ERROR nextflow.processor.TaskProcessor - Error executing process > 'NFCORE_RNASEQ:RNASEQ:PREPARE_GENOME:MAKE_TRANSCRIPTS_FASTA (rsem/Panopea-generosa-v1.0.fa)'
Caused by:
Process `NFCORE_RNASEQ:RNASEQ:PREPARE_GENOME:MAKE_TRANSCRIPTS_FASTA (rsem/Panopea-generosa-v1.0.fa)` terminated with an error exit status (255)
Command executed:
rsem-prepare-reference \
--gtf Panopea-generosa-v1.0_genes.gtf \
--num-threads 28 \
\
rsem/Panopea-generosa-v1.0.fa \
rsem/genome
cp rsem/genome.transcripts.fa .
cat <<-END_VERSIONS > versions.yml
"NFCORE_RNASEQ:RNASEQ:PREPARE_GENOME:MAKE_TRANSCRIPTS_FASTA":
rsem: $(rsem-calculate-expression --version | sed -e "s/Current version: RSEM v//g")

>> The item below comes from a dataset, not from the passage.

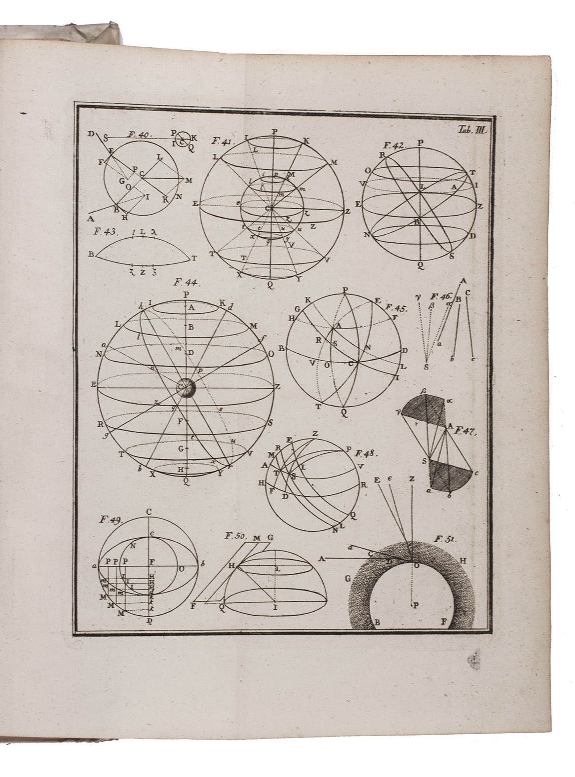 Nicolas Louis de La Caille (1713-1762), was a famous French astronomer and mathematician, professor at the College Mazarin. The present work, first published at Paris in 1741, contains his lectures to pupils at the College, used in Schefer's Latin translation by the Latin Schools in Vienna and Prague. It covers applied mathematics, cosmography, map making, horology, perspective, surveying, etc. With 10 folding engraved plates with arithmetical exercises and tables in text and geometrical and perspectival figures and illustrations.

star: $(STAR --version | sed -e "s/STAR_//g")
END_VERSIONS
Command exit status:
255
Command output:
rsem-extract-reference-transcripts rsem/genome 0 Panopea-generosa-v1.0_genes.gtf None 0 rsem/Panopea-generosa-v1.0.fa
"rsem-extract-reference-transcripts rsem/genome 0 Panopea-generosa-v1.0_genes.gtf None 0 rsem/Panopea-generosa-v1.0.fa" failed! Plase check if you provide correct parameters/options for the pipeline!
Command error:
The GTF file might be corrupted!
Stop at line : Scaffold_02 GenSAS_5d82b316cd298-trnascan transcript 27467 27541 38.1 . . transcript_id "21513.GS22252506.PGEN_.tRNA00000001"; gene_id "21513.GS22252506.PGEN_.tRNA00000001"; Name "Thr"; anti_codon "CGT"; gene_no "1376";Solution:
As it turns out, this wasn’t an issue with the pipeline, it’s really an issue with how RSEM handles GTF strand parsing. Even though the GFF spec indicates that strand column can be one of +, -, ., or ?, RSEM only parses for + or -. And, as it turns out, our genome GFF has some . for strand info. Looking through our “merged” GenSAS GFF, it turns out there are two sets of annotations that only have . for strand info (GenSAS_5d82b316cd298-trnascan & RNAmmer-1.2). So, the decision needed to be made if we should convert these sets strands to an “artificial” value (e.g. set all of them to +), or eliminate them from the input GFF. I ended up converting GenSAS_5d82b316cd298-trnascan strand to + and eliminated RNAmmer-1.2 from the final input GFF.
Overall, it was a bit of an arduos process, but it’s all running now… Will update if I encounter any more hurdles.